Before answering, we need to understand the real problem. The economy lost many productive assets — factories, stores, bridges, schools, etc. These assets need to be replaced, along with the workers’ homes to give us the same potential GDP as the economy had before the storm.

To minimize the burden, we should begin by looking at where resources are now wasted in our economy. If we cut waste by the amount we need to replace what was lost, there would be no net loss to the economy either in jobs or productive assets.

The Competitive Enterprise Institute’s “Annual Snapshot of the Federal Regulatory State” says the economy’s estimated total regulatory burden last year was $913 billion — a little more than $3,000 for every man, woman and child in the U.S.

From numerous microeconomic studies we know a large percentage of all regulations are unduly burdensome or unneeded. If the president, and state and local officials, insisted every department of government at every level do a sound cost-benefit test of every regulation, with the goal of reducing the regulatory burden at least one-third in the next year, that would do much to offset Katrina’s economic burden.

There are already many rules, orders and laws requiring cost-benefit analyses for regulations, but these are not taken seriously by the bureaucrats and rarely enforced (the Treasury Department is a particularly notorious example).

The president should demand an end to regulatory arrogance and insist every agency chief be held accountable for performance. Congress also must get serious about regulatory costs and stop passing a never-ending stream of dubious and often counterproductive regulatory requirements.

Nearly every adult in America who has had an encounter with almost any level of government knows wasteful spending is colossal, despite politicians’ eternal whining they haven’t enough money. As long as governments can take an ever-increasing portion of the economic pie, this will never change.

Many studies have clearly shown the federal government, and many state and local governments, are well above the size at which the good they can do is maximized.

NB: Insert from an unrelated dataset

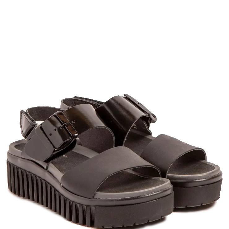 Sandalias de tiras anchas en piel. Suela de goma con plataforma de 4 cm. Plantilla de microfibra softlight. Cierre ajustable con hebilla.

The president should insist Congress create a rigorous and enforceable mechanism for reducing the size of government, over time, to something closer to the optimum. This will force the debate to change from how much we spend to how we spend money allocated to the government sector.

The landslide re-election of Japan’s Prime Minister Junichiro Koizumi, on a platform of radical economic restructuring, shows people will accept major change in government operations, when they believe it is necessary and the leader serious.

The Katrina tragedy, ironically, has given President Bush and congressional leaders the opportunity to make necessary radical changes, if they have the courage.

Richard W. Rahn is director general of the Center for Global Economic Growth, a project of the FreedomWorks Foundation.